Task item
Among the lines below, output only those between the line holding "Figure 1 :Un" and the line holding "仪式上,开元电子有限公司董事", inclusive, exactly as written and with no pictures.

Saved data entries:
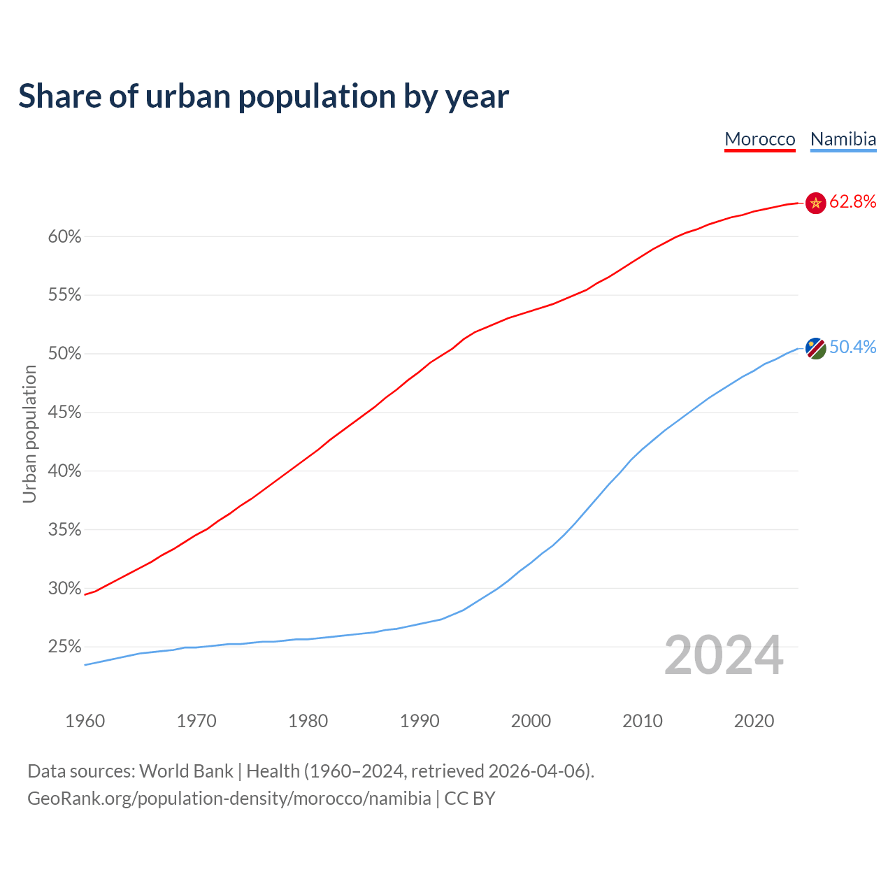 From 2004 to 2024, the share of urban population changed from 55% to 62.8% in Morocco and from 35.5% to 50.4% in Namibia.
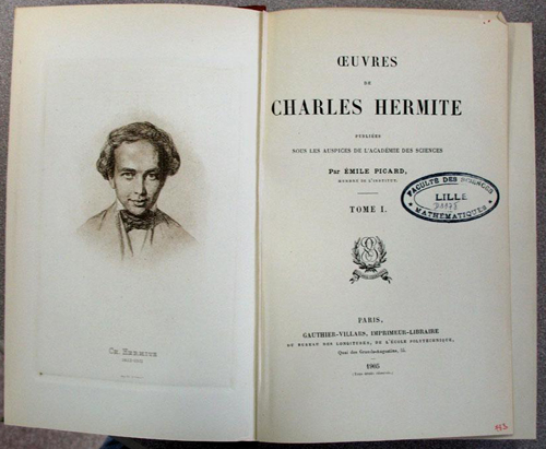 Figure 1 :Un portrait de Charles Hermite (1822-1901) jeune, sur l’édition de ses œuvres complètes. Ces œuvres ont été éditées sous l’auspice de l’Académie des sciences, de 1905 à 1917, par son gendre Émile Picard, mathématicien, secrétaire perpétuel de l’Académie (cliché Alain Juhel).
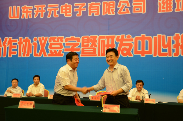 仪式上,开元电子有限公司董事长刘树高介绍了企业的有关情况。昌乐县县长高立伯代表县委县政府对双方的合作表示祝贺。
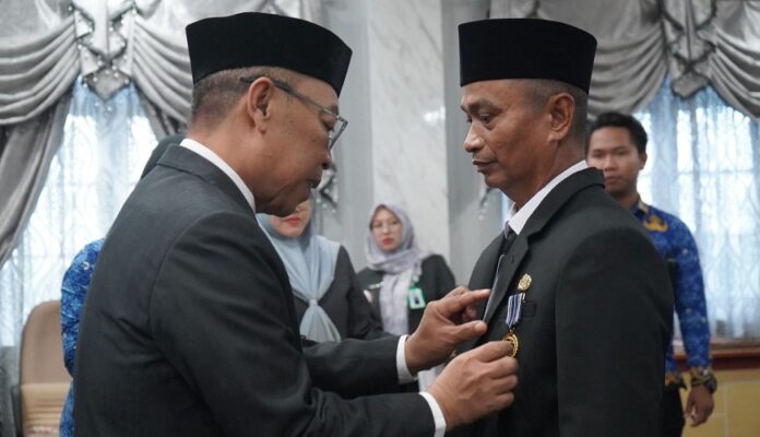 klikkalimantan.com, PARINGIN – Pemerintah Kabupaten (Pemkab) Balangan memberikan penghargaan berupa Tanda Kehormatan Satya Lancana Karya Satya (SLKS) kepada 86 Aparatur Sipil Negara (ASN) dengan masa pengabdian 30, 20, dan 10 tahun. Seremoni penganugerahan SLKS dilakukan Penjabat Sekretaris Daerah (Pj Sekda) Kabupaten Balangan, Sufrianor, Senin (8/12/2025) di Aula Benteng Tundakan, Kantor Bupati Banjar di Paringin.
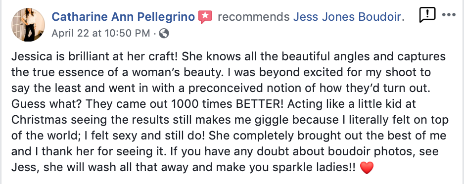 Normally, all of that is $300. BUT because I know you’ve been dying to book your own boudoir shoot and feel as amazing as the other women I’ve photographed I'm offering you this SUPER LIMITED DEAL!
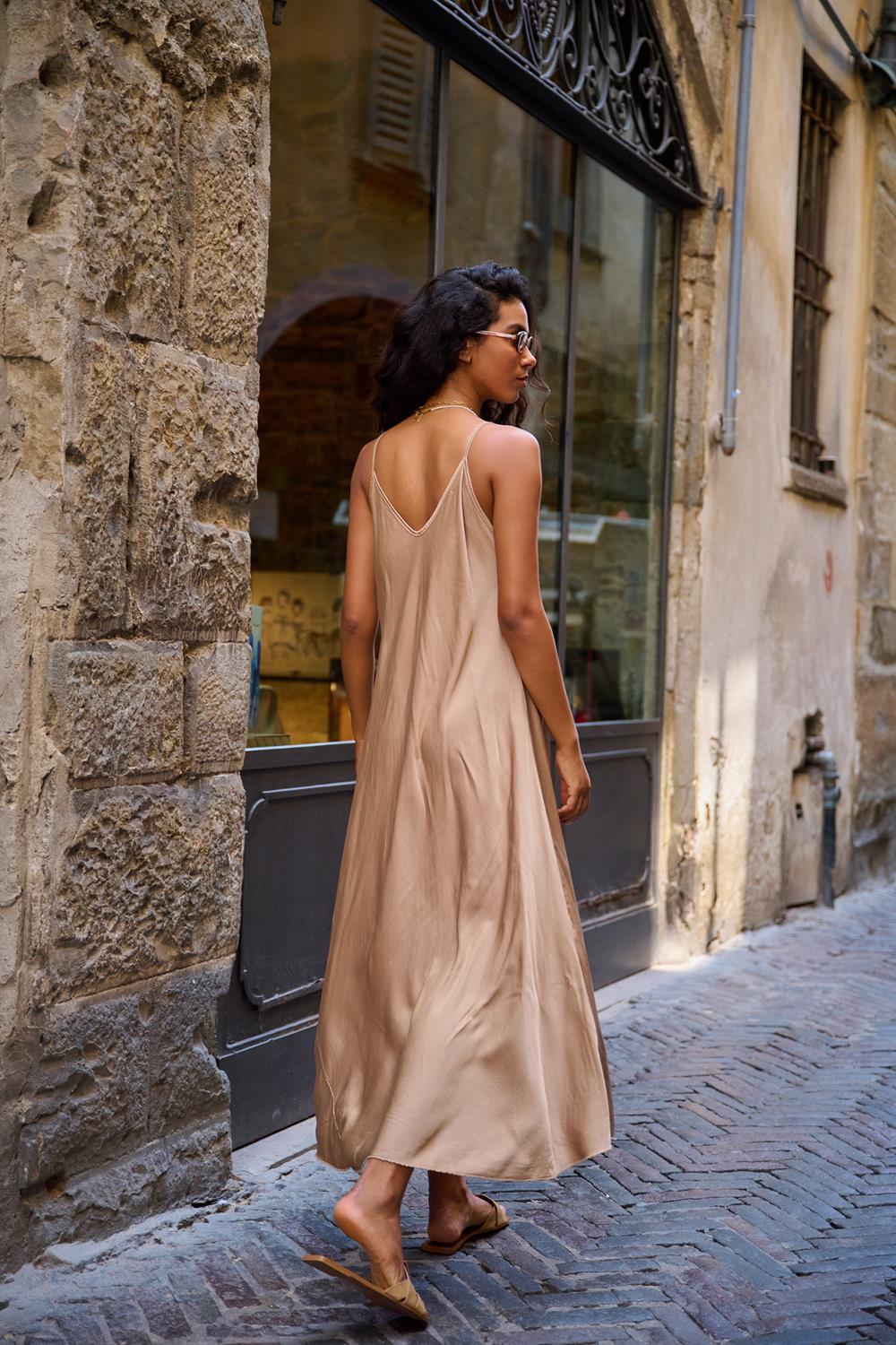 Sukienka bieliźniana Champagne Chic o długości maxi w kolorze szampańskim wykonana jest z miękkiej wiskozy, która delikatnie opływa ciało, tworząc elegancki i zmysłowy wygląd.
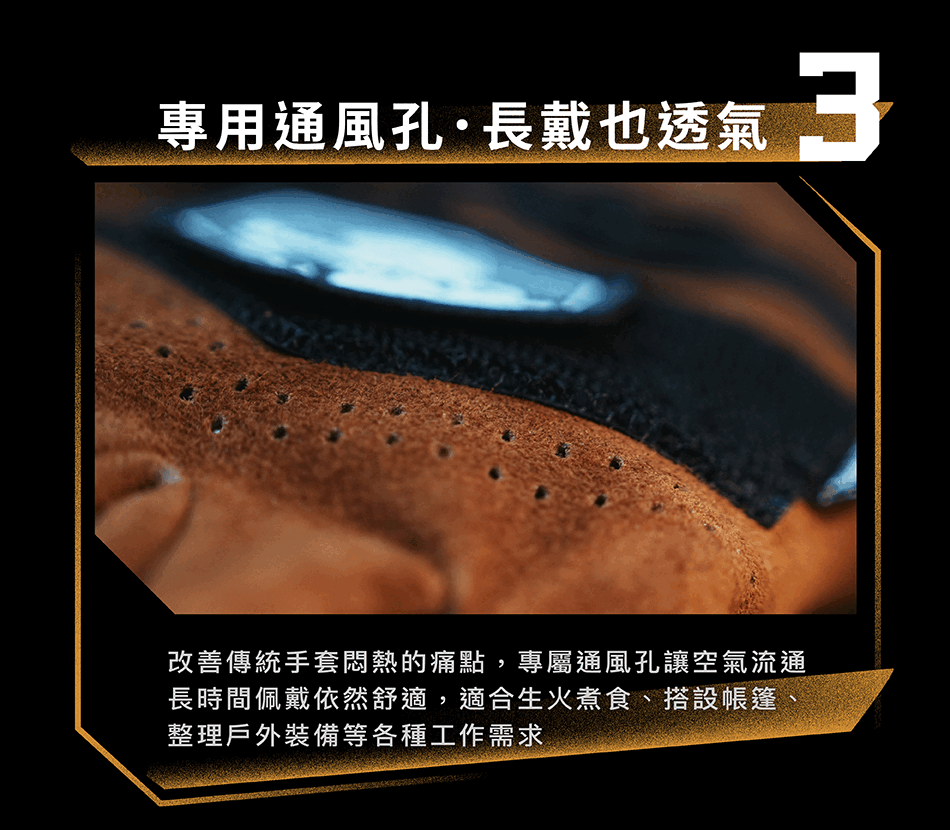 ▸ 舒適透氣|手背通風孔,長時間配戴也不悶熱

Solution to the problem
 Figure 1 :Un portrait de Charles Hermite (1822-1901) jeune, sur l’édition de ses œuvres complètes. Ces œuvres ont été éditées sous l’auspice de l’Académie des sciences, de 1905 à 1917, par son gendre Émile Picard, mathématicien, secrétaire perpétuel de l’Académie (cliché Alain Juhel).
 仪式上,开元电子有限公司董事长刘树高介绍了企业的有关情况。昌乐县县长高立伯代表县委县政府对双方的合作表示祝贺。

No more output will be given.